[Records from a dataset]
○ ○ ○ ○ ○ ○ ○

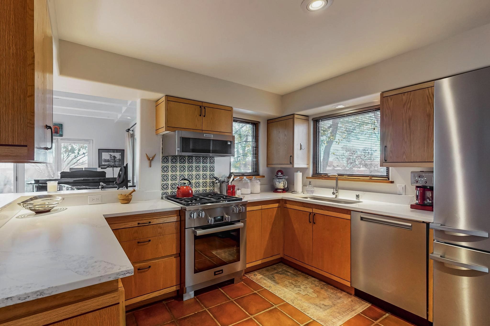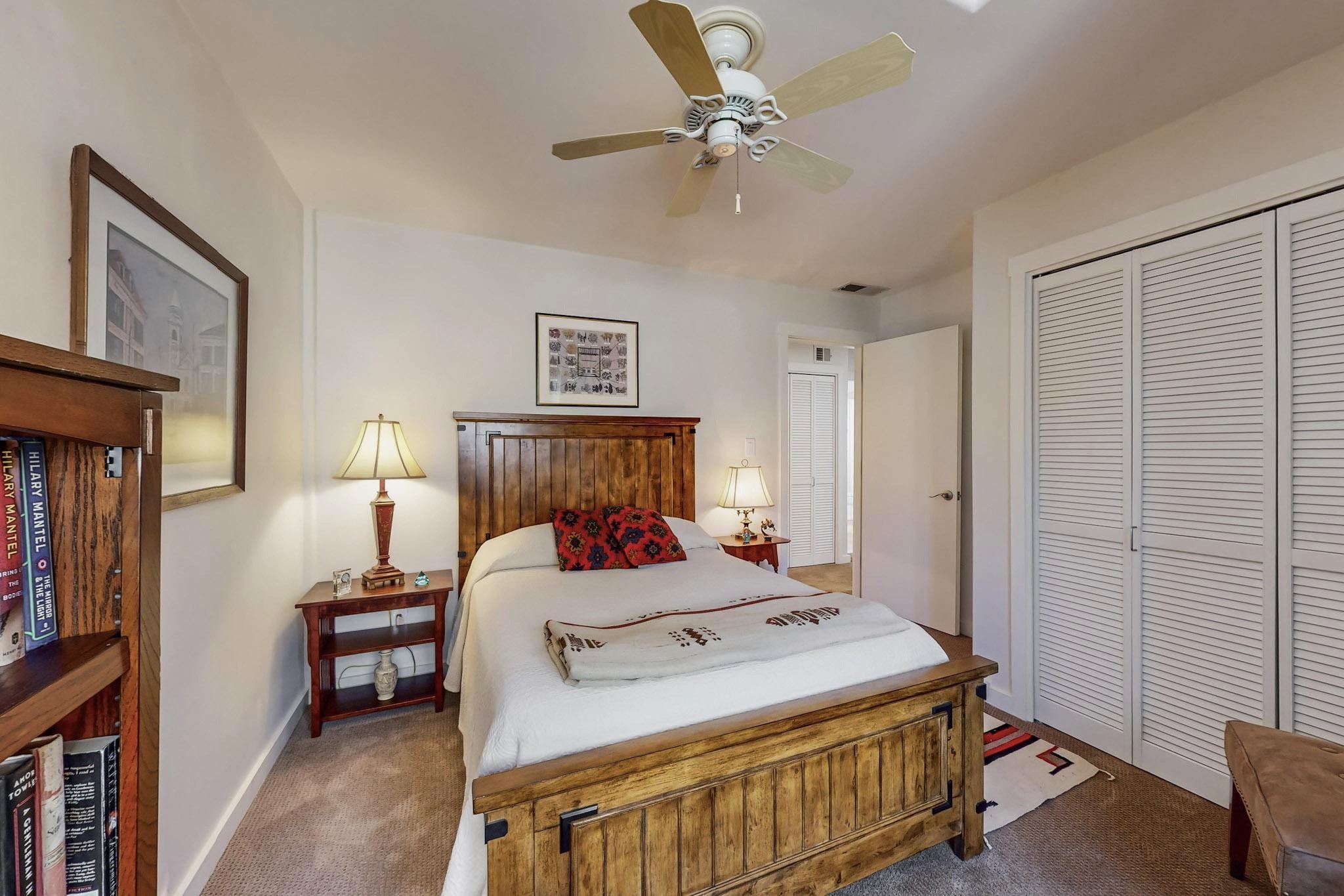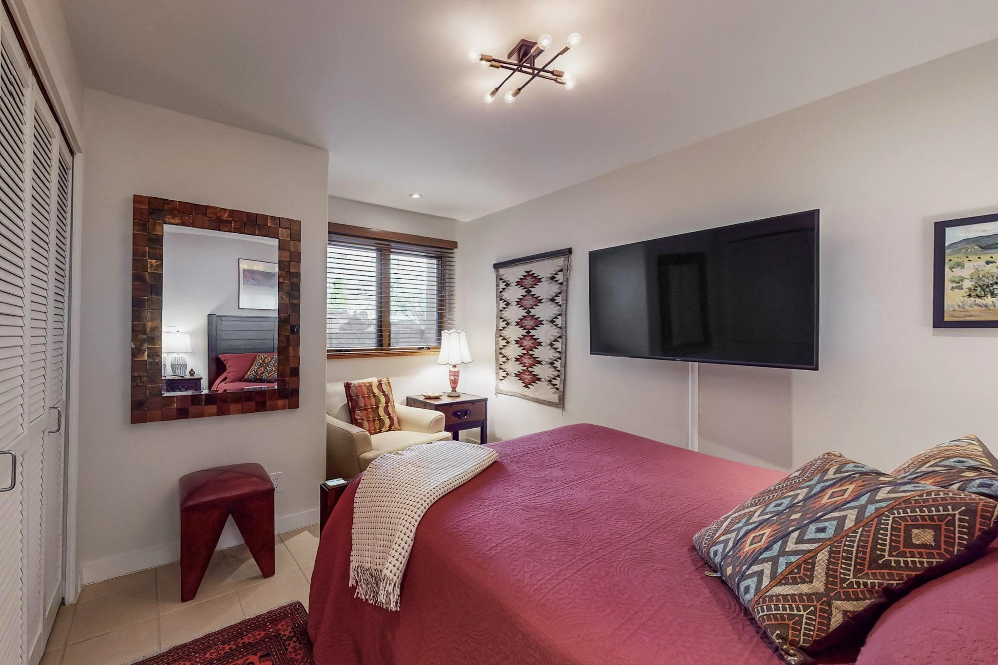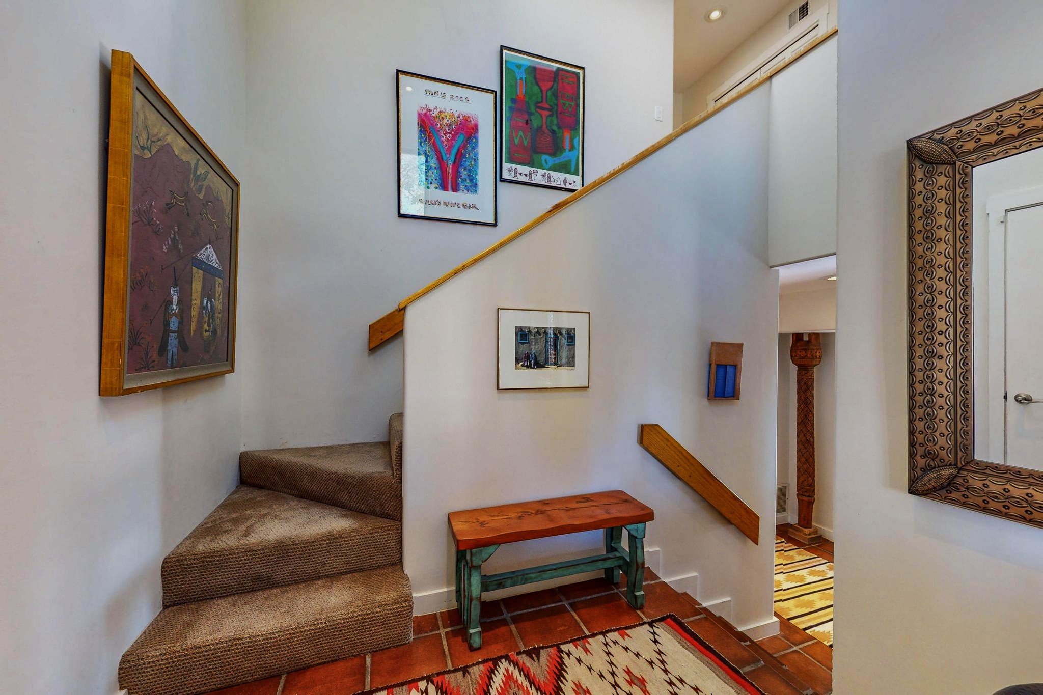Perfectly located in the Historic Eastside, this 3 bedroom, 3 bath home with an attached 2 car garage is a rare offering. Located in the desirable La Vereda Compound, the home has been lovingly updated by the current and previous owners. Recent improvements include the kitchen with new counters and Miele appliances, central air conditioning and heating and bathroom upgrades. The open floor plan is perfect for entertaining and flows beautifully between the private patio and the living/dining areas. As an end unit it is bright and airy. The living room with a kiva fireplace, high ceilings, and glass roofed dining area is an inviting space. The drip irrigated, well landscaped gardens, with a zen-like water feature and mature trees offer a relaxing respite. The spacious upper-level primary bedroom suite features a kiva fireplace, walk-in closet, en-suite bath and opens onto a private deck overlooking the trees. The 2 guest bedrooms and baths are separated nicely offering privacy. The rarely found 2 car attached garage features a 220V vehicle charger, new opener, and bicycle storage. This home can be a perfect full-time residence or pied a tierre for a discerning buyer.
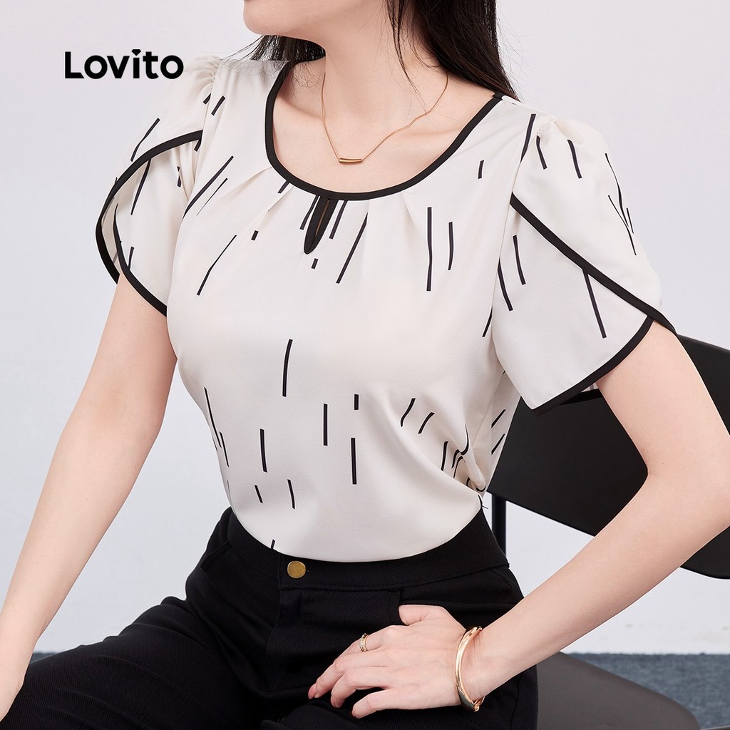 Lovito Blusa Casual com Padrão Colorblock Primavera/verão para Mulheres L178LD1604
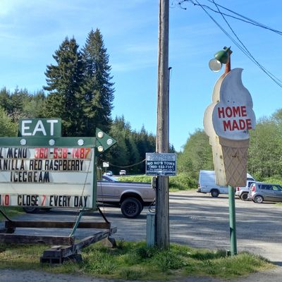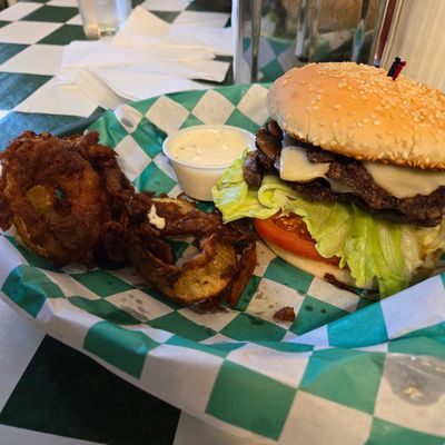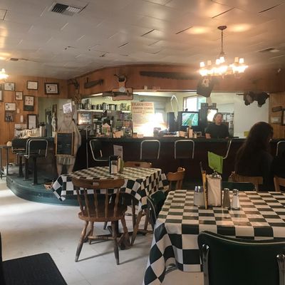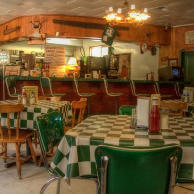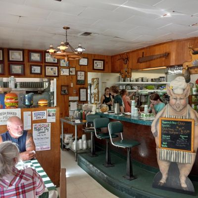 Classic highway diner known for its giant burgers and homemade ice cream, offering a full menu and a relaxed atmosphere.
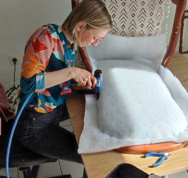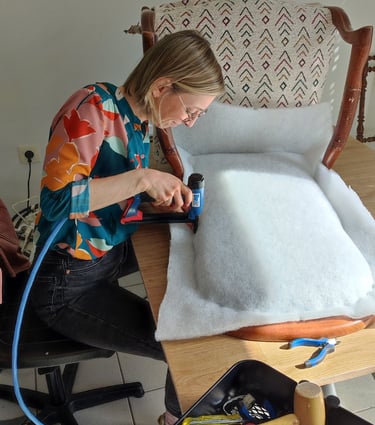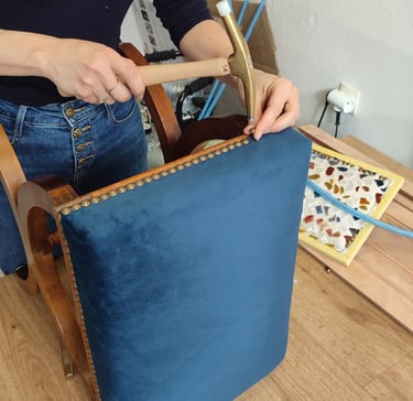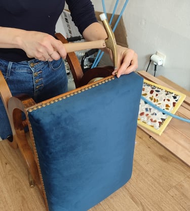 Chez Kosy Atelier Tapissier, nous apportons un soin particulier à la pose des clous tapissier et de la passementerie afin d'apporter la touche finale qui sublimera votre chaise, fauteuil ou canapé.
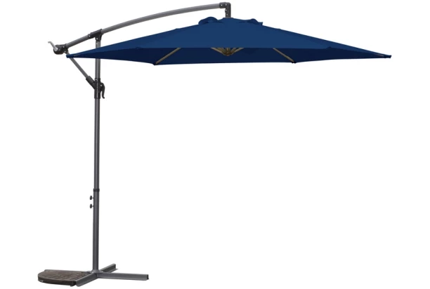 Extra velký slunečník, pod který lze ukrýt celou zahradní soupravu. Včetně kliky pro snadné sklápění.
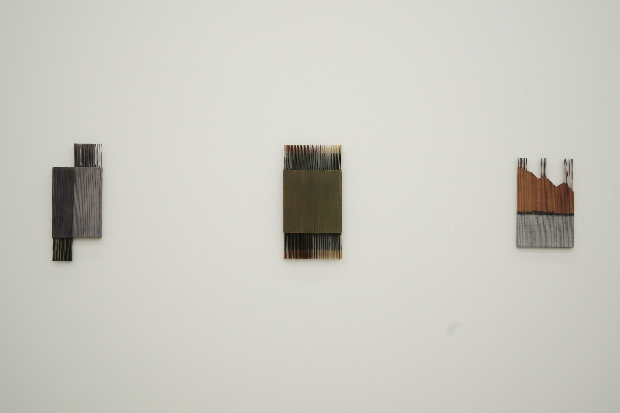 本展で紹介する作品は、19世紀後半にイタリア・アルト・アディジェの植林地から回収されたセコイア材を⽤いて制作されています。デメッツは、樹⽊の成⻑過程で形成される年輪のうち、柔らかな春⽬を削ぎ落とし、硬く⽬の詰まった冬⽬のみを残すという独⾃の⼿法を⽤います。この⾏為によって、成⻑と⽼化、蓄積と消失といった時間の層が際⽴ち、「冬」というメタファーを通して、⽊材に刻まれた歳⽉が静かに浮かび上がります。
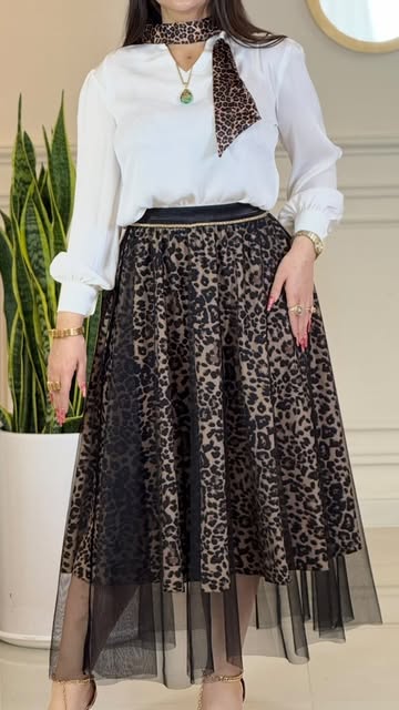 ست شومیز سفید و دامن پلنگی با تور مشکی
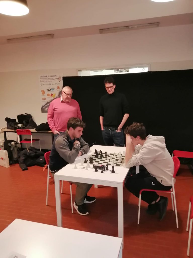 Ogni anno il MIUR e la Federazione Scacchistica Italiana (tramite il CONI) organizzano il campionato italiano a squadre delle scuole, denominato Trofeo Scacchi Scuola (TSS). Quest’anno, per la prima volta a Chieri e grazie alla collaborazione con l’ASD Arcotorre Scacchi, il Liceo Augusto Monti parteciperà alla prima fase della manifestazione, quella provinciale, con la speranza di proseguire il cammino alla fase regionale e sino alle finali nazionali, lo scorso anno disputate a Montesilvano (PE), da oltre 200 squadre. Il primo passo è stato fatto: venerdì 24 novembre si è svolto il torneo interno dal quale scaturiranno le due squadre (formate da quattro componenti più una riserva) che rappresenteranno Chieri alle fasi provinciali. I 17 partecipanti, suddivisi nelle categorie Allievi (2007-2010) e Juniores (2005-2006) hanno dato vita ad una battaglia incruenta e ricca di colpi di scena, durata cinque turni con partite da 20 minuti a testa, ma che alla fine ha rispettato il pronostico: ha vinto, a punteggio pieno, l’unico giocatore di categoria nazionale presente, Vittorio Vergnano (uno dei migliori “prodotti” dell’ASD Arcotorre), che ha preceduto di una lunghezza un ottimo Lorenzo Campanelli sconfitto solo dal vincitore. Sul terzo gradino del podio, appaiati, Raffaele BAI (altro prodotto della “cantera” dell’Arcotorre) e Rovin Mascarenhas. Tutti hanno dimostrato impegno, spirito combattivo e correttezza verso l’avversario, come il galateo scacchistico impone. Nei mesi che precedono la fase provinciale, in programma nel marzo 2024, L’ASD Arcotorre Scacchi, che ha messo a disposizione l’arbitraggio e il materiale di gioco, curerà la preparazione teorico-pratica dei componenti le due squadre (Allievi e Juniores) presso la propria sede, alla Cittadella del Volontariato.
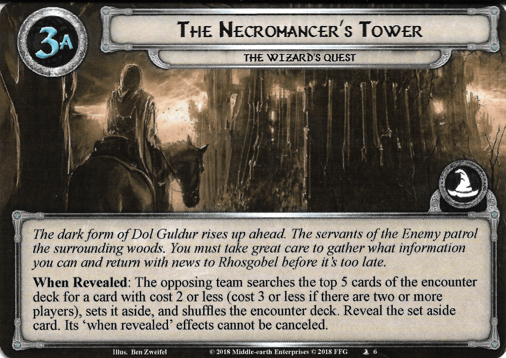 The final option for selecting what quest you have the players face last is the one with the highest number of quest points. Players are not forced into combat with the Rider of Mirkwood for this stage but could engage him to get rid of his 4 threat in the staging area. That will help to make a lot more progress in future turns. Instead, the quest stage makes things difficult by forcing the players first to commit characters to the quest and then discard cards from the top of the encounter deck until a treachery is discarded. That treachery is then revealed, and all bad things are resolved. This can range from dealing damage to committed characters with Necromancer’s Reach to returning all engaged enemies and stacking the staging area with a lot of threat. If the Sorcerer’s Tower is also in the staging area, you have a guaranteed Doomed 1 as well at the start of each quest phase.
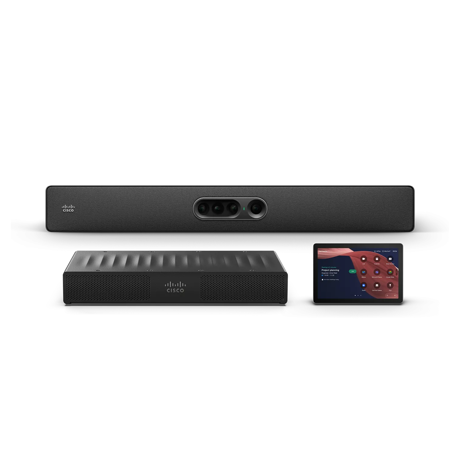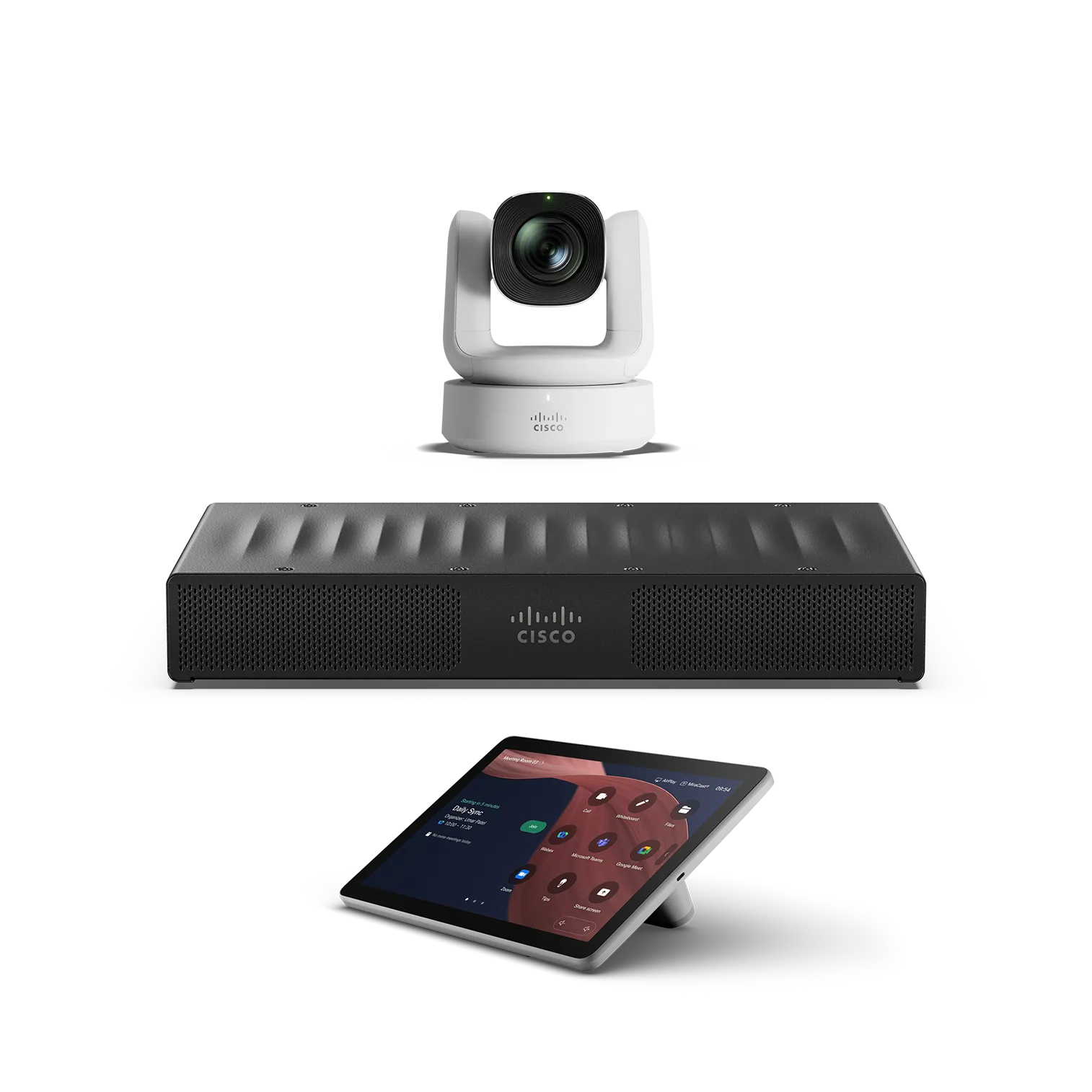 Modular room kit appliance with a standalone conferencing camera, room codec, and touch controller. Form factor |
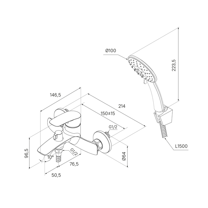 • Ручная лейка из прочного ABS-пластика, ПВХ-шланг (1,5 м) в оплетке из нержавеющей стали и крепеж идут в комплекте.
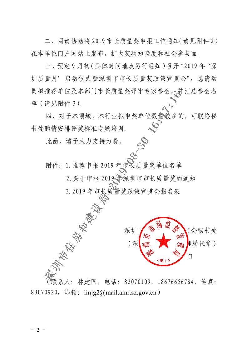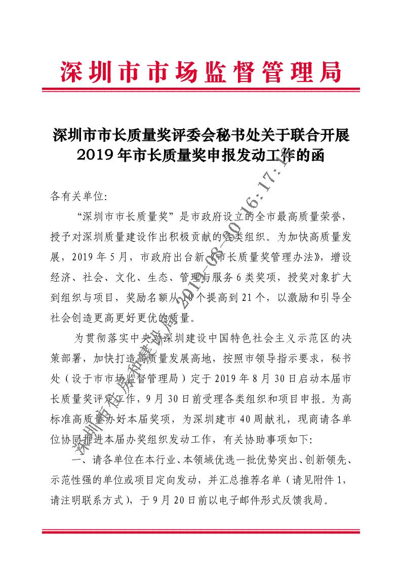 深圳市市长质量奖评委会秘书处关于联合开展2019年市长质量奖申报发动工作的函.pdf

○ ○ ○ ○ ○ ○ ○

◆ **WHAT IS REQUIRED**: When you copy the data above, keep each line exact and omit the pictures.

◆ **ANSWER FOR THE TASK**:
Perfectly located in the Historic Eastside, this 3 bedroom, 3 bath home with an attached 2 car garage is a rare offering. Located in the desirable La Vereda Compound, the home has been lovingly updated by the current and previous owners. Recent improvements include the kitchen with new counters and Miele appliances, central air conditioning and heating and bathroom upgrades. The open floor plan is perfect for entertaining and flows beautifully between the private patio and the living/dining areas. As an end unit it is bright and airy. The living room with a kiva fireplace, high ceilings, and glass roofed dining area is an inviting space. The drip irrigated, well landscaped gardens, with a zen-like water feature and mature trees offer a relaxing respite. The spacious upper-level primary bedroom suite features a kiva fireplace, walk-in closet, en-suite bath and opens onto a private deck overlooking the trees. The 2 guest bedrooms and baths are separated nicely offering privacy. The rarely found 2 car attached garage features a 220V vehicle charger, new opener, and bicycle storage. This home can be a perfect full-time residence or pied a tierre for a discerning buyer.
 Lovito Blusa Casual com Padrão Colorblock Primavera/verão para Mulheres L178LD1604
 Classic highway diner known for its giant burgers and homemade ice cream, offering a full menu and a relaxed atmosphere.
 Chez Kosy Atelier Tapissier, nous apportons un soin particulier à la pose des clous tapissier et de la passementerie afin d'apporter la touche finale qui sublimera votre chaise, fauteuil ou canapé.
 Extra velký slunečník, pod který lze ukrýt celou zahradní soupravu. Včetně kliky pro snadné sklápění.
 本展で紹介する作品は、19世紀後半にイタリア・アルト・アディジェの植林地から回収されたセコイア材を⽤いて制作されています。デメッツは、樹⽊の成⻑過程で形成される年輪のうち、柔らかな春⽬を削ぎ落とし、硬く⽬の詰まった冬⽬のみを残すという独⾃の⼿法を⽤います。この⾏為によって、成⻑と⽼化、蓄積と消失といった時間の層が際⽴ち、「冬」というメタファーを通して、⽊材に刻まれた歳⽉が静かに浮かび上がります。
 ست شومیز سفید و دامن پلنگی با تور مشکی
 Ogni anno il MIUR e la Federazione Scacchistica Italiana (tramite il CONI) organizzano il campionato italiano a squadre delle scuole, denominato Trofeo Scacchi Scuola (TSS). Quest’anno, per la prima volta a Chieri e grazie alla collaborazione con l’ASD Arcotorre Scacchi, il Liceo Augusto Monti parteciperà alla prima fase della manifestazione, quella provinciale, con la speranza di proseguire il cammino alla fase regionale e sino alle finali nazionali, lo scorso anno disputate a Montesilvano (PE), da oltre 200 squadre. Il primo passo è stato fatto: venerdì 24 novembre si è svolto il torneo interno dal quale scaturiranno le due squadre (formate da quattro componenti più una riserva) che rappresenteranno Chieri alle fasi provinciali. I 17 partecipanti, suddivisi nelle categorie Allievi (2007-2010) e Juniores (2005-2006) hanno dato vita ad una battaglia incruenta e ricca di colpi di scena, durata cinque turni con partite da 20 minuti a testa, ma che alla fine ha rispettato il pronostico: ha vinto, a punteggio pieno, l’unico giocatore di categoria nazionale presente, Vittorio Vergnano (uno dei migliori “prodotti” dell’ASD Arcotorre), che ha preceduto di una lunghezza un ottimo Lorenzo Campanelli sconfitto solo dal vincitore. Sul terzo gradino del podio, appaiati, Raffaele BAI (altro prodotto della “cantera” dell’Arcotorre) e Rovin Mascarenhas. Tutti hanno dimostrato impegno, spirito combattivo e correttezza verso l’avversario, come il galateo scacchistico impone. Nei mesi che precedono la fase provinciale, in programma nel marzo 2024, L’ASD Arcotorre Scacchi, che ha messo a disposizione l’arbitraggio e il materiale di gioco, curerà la preparazione teorico-pratica dei componenti le due squadre (Allievi e Juniores) presso la propria sede, alla Cittadella del Volontariato.
 The final option for selecting what quest you have the players face last is the one with the highest number of quest points. Players are not forced into combat with the Rider of Mirkwood for this stage but could engage him to get rid of his 4 threat in the staging area. That will help to make a lot more progress in future turns. Instead, the quest stage makes things difficult by forcing the players first to commit characters to the quest and then discard cards from the top of the encounter deck until a treachery is discarded. That treachery is then revealed, and all bad things are resolved. This can range from dealing damage to committed characters with Necromancer’s Reach to returning all engaged enemies and stacking the staging area with a lot of threat. If the Sorcerer’s Tower is also in the staging area, you have a guaranteed Doomed 1 as well at the start of each quest phase.
 Modular room kit appliance with a standalone conferencing camera, room codec, and touch controller. Form factor |
 • Ручная лейка из прочного ABS-пластика, ПВХ-шланг (1,5 м) в оплетке из нержавеющей стали и крепеж идут в комплекте.
 深圳市市长质量奖评委会秘书处关于联合开展2019年市长质量奖申报发动工作的函.pdf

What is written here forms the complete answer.